Sergeant Kevin Smith is the new detachment commander for the Masset RCMP. (Andrew Hudson/Haida Gwaii Observer)

Warm welcome for new Masset RCMP sergeant

Sergeant Kevin Smith credits ongoing efforts to build ties beyond day-to-day policing

Just a week after he and his family moved to Masset, people were waving and saying hello to Sergeant Kevin Smith.

And they wasted no time putting him through his paces on the basketball court.

“It’s been amazing,” said Sgt. Smith, who took over in March as the new commander of the Masset RCMP detachment.

Smith credits earlier work by local RCMP to be well involved in Masset and Old Massett, beyond day-to-day policing.
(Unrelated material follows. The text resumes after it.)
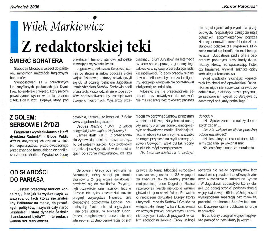 Komentarz do tekstu ponizej”Serbowie i Zydzi:” Antyserbscy politycy przechytrzyli zydowska opinie publiczna w New Yorku. Moim zyczeniem jest by new – yorski “establishment” znalazl droge do naprawienia wielkiej krzywdy wyrzadzonej Serbom.WM

Both sides of that relationship were on display May 5, when the RCMP boated to Collison Point / St’alaa Kun to enforce a court injunction against a logging blockade organized there by the Haida Gwaii Land Protectors.

Smith and others were met with cake — it happened to be the birthday of Lisa White / Yaahl Aadaa, one of the blockade organizers — and in turn the police gave Haida elders a sail past Old Massett on the RCMP catamaran that came in from Prince Rupert.

Growing up in Port Alberni and Tofino, Smith said Haida Gwaii feels a lot like home.

“That’s been my passion — to be in Aboriginal communities and smaller places,” he said.

Smith has served 14 years in the RCMP, going from Port Hardy to 100 Mile House, Burns Lake, Fort St. James, and now north-end Haida Gwaii.

Besides overseeing a major renovation of the Masset RCMP building — a two-storey addition and interior redesign that will add more space for staff and privacy for the public — in his first few months Smith was also busy playing basketball in Old Massett’s spring league.

“They were good — I was surprised at the quality of play here,” said Smith, adding that it’s good to be back in a basketball community after working in several soccer towns.

Smith is also glad to be back by the ocean.

So far this spring, Masset RCMP have had no calls about stranded boats or East Beach hikers, but Smith is well prepared when they do — he is team-leader certified to do land search-and-rescue, and has years of experience in marine SAR, too.

“If anything like that happens, we’ll be ready for it,” he said.

And when he’s off-duty, Sgt. Smith will be on North Beach and maybe even the west coast, looking for surf.

As a kid, Smith remembers renting his first surfboard from what was then the only board shop in Tofino. He got the bug, moved there after finishing high school in Port Alberni, and later travelled to surf spots all around the world.

In 1992, when he started, there only a dozen regular surfers in Tofino — including brothers Raph and Sepp Bruhwiler, the first Canadians to go pro.

“It’s pretty funny,” he said. “It would only be Raph and Sepp out, and they’d say, ‘Oh, there’s a surfer! How’s it going?’”

“Now you go to Tofino and there’s like 250 people in the water.”

Being in Haida Gwaii is a bit like travelling back in time, said Smith.

“Coming here you almost get nervous because there’s nobody else around,” he said.

“It totally reminds me of what Tofino was 20 years ago.”